WI Chiang Kai-shek became a believer in Communism during Soviet schooling?

raharris1973

Gone Fishin'
WI Chiang Kai-shek became a believer in Communism during his 3-month training course in Russia in 1923 rather than disillusioned with it?

Could he have still risen to leadership of the Nationalist Party after Sun Yat-sen's death, and kept the KMT-CCP United Front going?

Or would his role in history have been replaced by another right-wing politician/general within the KMT to champion conservative interests in the KMT's big tent coalition?

Specifically, could Chiang have become either a Communist Party member, secret member, or thorough fellow traveler without damaging his relations with Sun Yat-sen?

If he was fellow-traveler and Communist sympathetic, would that have been compatible or not with his ties with the Shanghai Green Gang underworld?

Would it have been compatible with him having a marriage alliance with the wealthy Soong family?

If he came back genuinely sympathetic to Communism, would he have only done so openly, or could he have plausibly pretended to be anti-communist to the KMT conservatives and used their trust to sabotage their anticommunist moves?
 
If the Japanese still behave like they did OTL, Chiang's forces may get the lion's share of Soviet support in the 1930s like they did OTL (over Mao).
 

raharris1973

Gone Fishin'
If the Japanese still behave like they did OTL, Chiang's forces may get the lion's share of Soviet support in the 1930s like they did OTL (over Mao).

would the Japanese even wait that long? (Till the 30s?) or jump Chiang in the 20s?

heck would the British jump a “Red” pro-Communist Chiang Kai-shek in the 1920s?
 
If Chiang's the real deal Stalin might just force the existing CCP leadership to step aside or be declared Trotskyists, but then that leaves the rightists without a chaperone. And the "rightists" include... well, most warlords, who are themselves part of/successors of the first generations of KMT leadership, who remember the party predating the CCP by a fair deal and having its own original ideas.
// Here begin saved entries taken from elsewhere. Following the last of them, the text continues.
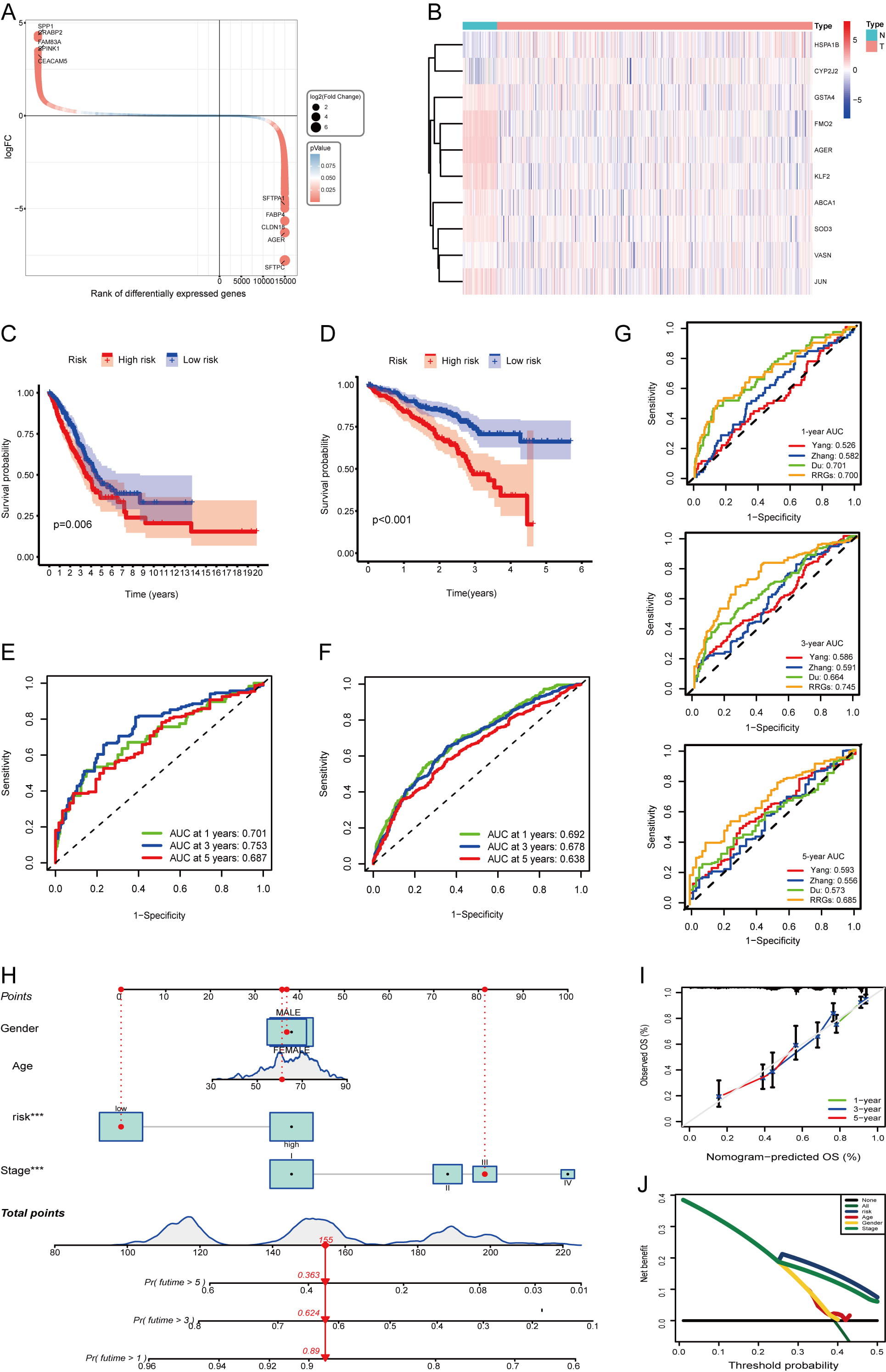 Fig. 6. Construction and validation of the prognostic risk model. (A) Evaluation of the DEGs between the normal and tumor groups. Each gene is represented by a circle, with its color indicating the level of significance regarding the differences in expression. (B) Heatmap illustrating the expression of 10 DE-RRGs between normal and tumor samples derived from the TCGA-LUAD cohort. (C,D) K‒M curves illustrating the survival outcomes of patients categorized into two risk groups within the TCGA-LUAD cohort (C) and GSE72094 cohort (D). (E,F) The ROC curves were constructed to evaluate the survival rates at 1-year, 3-year, and 5-year intervals for the TCGA-LUAD cohort (E) and GSE72094 cohort (F). (G) Comparison of time-dependent area under the ROC curve among prognostic signatures at 1-, 3-, and 5-years in the TCGA-LUAD dataset. (H) The specifics of the nomogram are provided. (I) A calibration curve was generated to predict overall survival at 1, 3, and 5 years. (J) Evaluation of risk scores accuracy via DCA curves. ROC, receiver operating characteristic; K-M, Kaplan-Meier; DCA, decision curve analysis.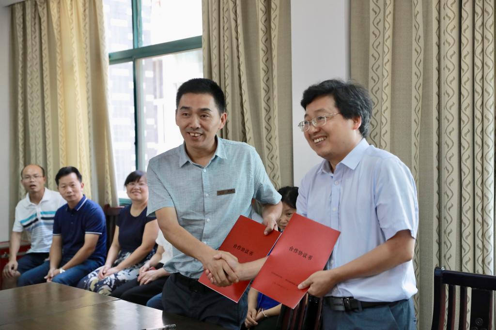 麻朝晖与姜浩强签订“校村合作”协议,金波为下姜村实践研究服务基地授牌。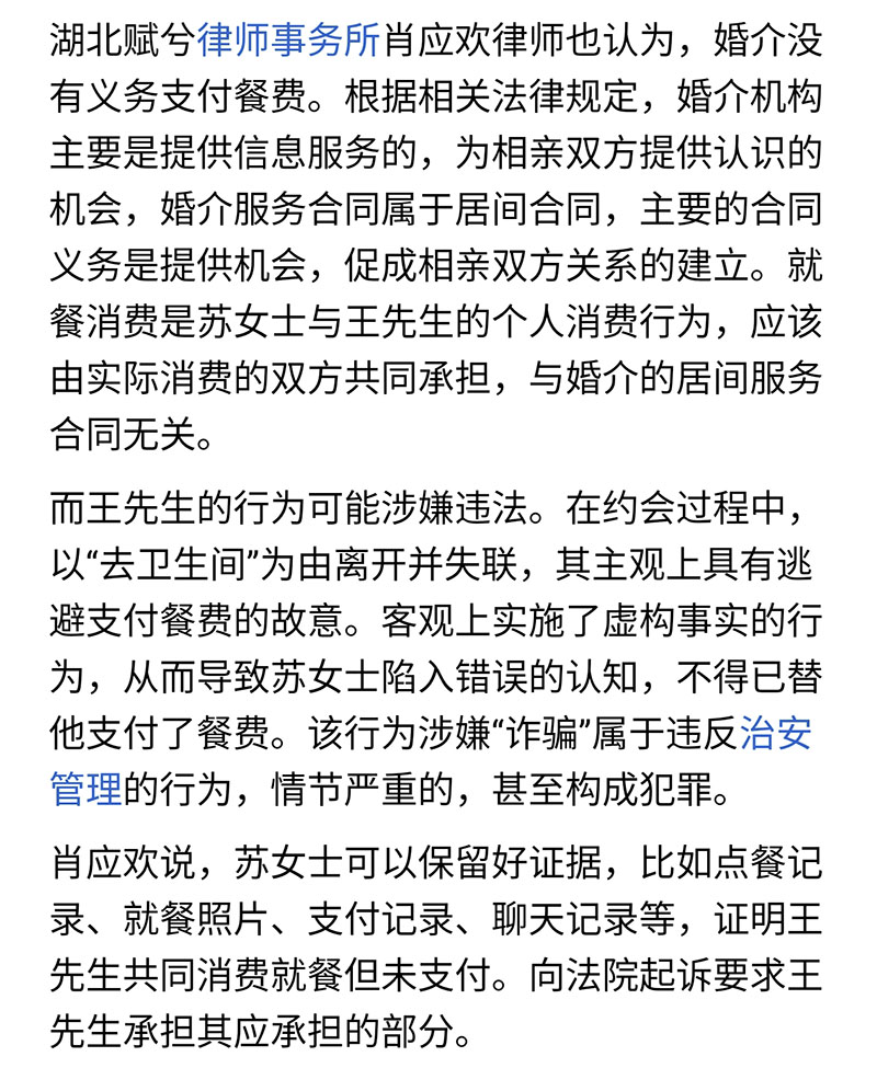 因为联系不上王先生,苏女士便找到婚介,希望他们解决餐费问题。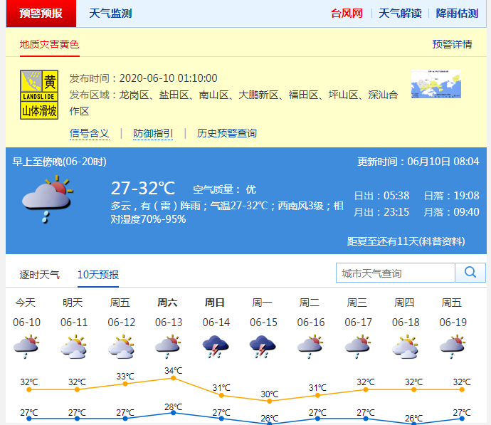 市氣象臺(tái)預(yù)測(cè),10日我市(含深汕)多云,有短時(shí)(雷)陣雨,局部大雨,本輪“龍舟水”過(guò)程趨于結(jié)束。11-13日多云,有短時(shí)(雷)陣雨,天氣漸趨悶熱。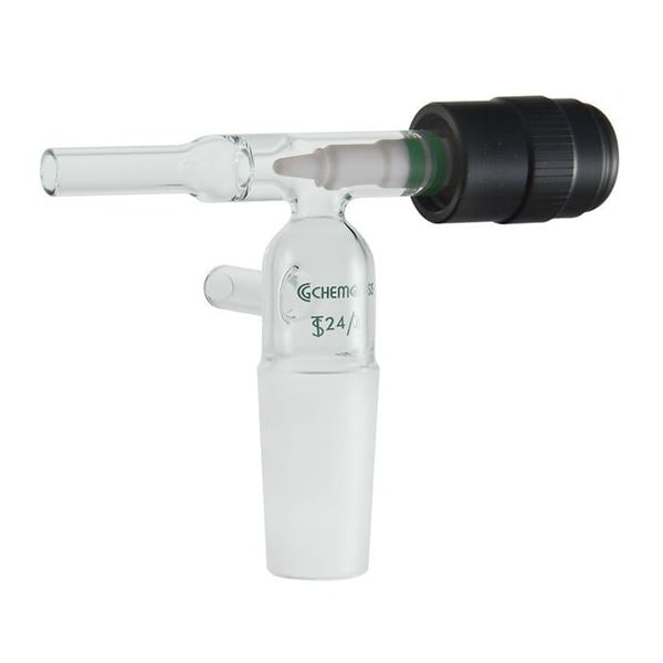 Adapter, Lower Ground Mouth Size 24/40, Upper Ground Mouth Size 24/40, Overall Length 80 mm, USP Specification Not Applicable, Product Type Adapter, Type Adapter, Material Glass/PTFE/Acetal, Color Black/Clear, Autoclavable No, Features Adapter has a 0 to 4 mm Metering Plug, Flow Control Adapter for Use with CG-1188 and CG-1189 Chromatography Columns Along with CG-1190 Reservoirs, Standards Not Applicable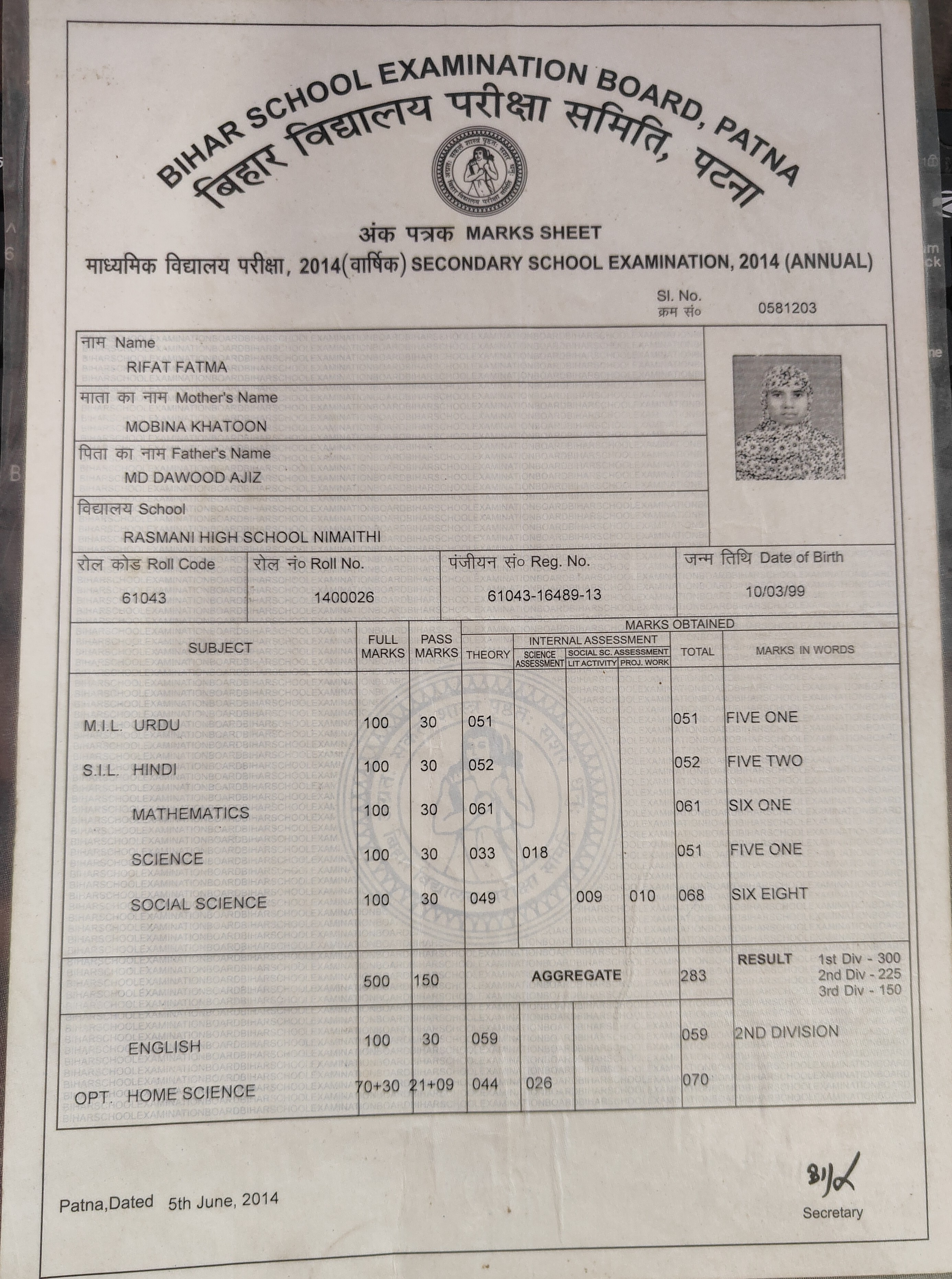 | Exam | Full Marks | Pass Marks | Marks Obtained |

The tightrope is going to be how to keep the rightists willing to work with a Stalinist Chiang, all while keeping Mao from leading some splinter faction, and keeping Chiang (who will generally be operating independently) from getting a little too used to that independence and likely to make a decision Stalin wouldn't want if it ensures his advantage or saves him from a coup.
 

raharris1973

Gone Fishin'
If Chiang's the real deal Stalin might just force the existing CCP leadership to step aside or be declared Trotskyists, but then that leaves the rightists without a chaperone. And the "rightists" include... well, most warlords, who are themselves part of/successors of the first generations of KMT leadership, who remember the party predating the CCP by a fair deal and having its own original ideas. The tightrope is going to be how to keep the rightists willing to work with a Stalinist Chiang, all while keeping Mao from leading some splinter faction, and keeping Chiang (who will generally be operating independently) from getting a little too used to that independence and likely to make a decision Stalin wouldn't want if it ensures his advantage or saves him from a coup.

Good points!
 
. And the "rightists" include... well, most warlords, who are themselves part of/successors of the first generations of KMT leadership, who remember the party predating the CCP by a fair deal and having its own original ideas
Xu Chongzhi and Hu Hanmin were leading right KMT back then and Chiang sided with left KMT when former two were purged when Liao Zhongkai was Assassinated.. So the right KMT would be the chaperone. If the liao zhongkai wasn't killed.
 

raharris1973

Gone Fishin'
Xu Chongzhi and Hu Hanmin were leading right KMT back then and Chiang sided with left KMT when former two were purged when Liao Zhongkai was Assassinated.. So the right KMT would be the chaperone. If the liao zhongkai wasn't killed.

Interesting - what do you mean?
 
Assuming Chiang's ideological shift happened before 1925, after Liao Zhongkai's assassination the "right" elements would be purged out of the way by Wang and Chiang. The entire KMT is then shifted to the left. Maybe the Brits would then actively intervene in their Northern Expedition to safeguard their interests (this almost happened IMO in 1927 when the KMT took Hankou).

Another important thing to note would be the CCP in this situation. OTL Stalin considered the KMT to be more competent than the CCP, and surely this KMT would prove even more competent without the Wuhan-Nanjing split. Maybe the CCP would be purged like OTL by Wang Jingwei once they became a pain in the neck.
 
Assuming Chiang's ideological shift happened before 1925, after Liao Zhongkai's assassination the "right" elements would be purged out of the way by Wang and Chiang. The entire KMT is then shifted to the left. Maybe the Brits would then actively intervene in their Northern Expedition to safeguard their interests (this almost happened IMO in 1927 when the KMT took Hankou).
Could you tell me more about this? I have ideas for a timeline with, amongst other things, a surviving KMT-Communist Alliance and that seems like a relevant factor I need to consider.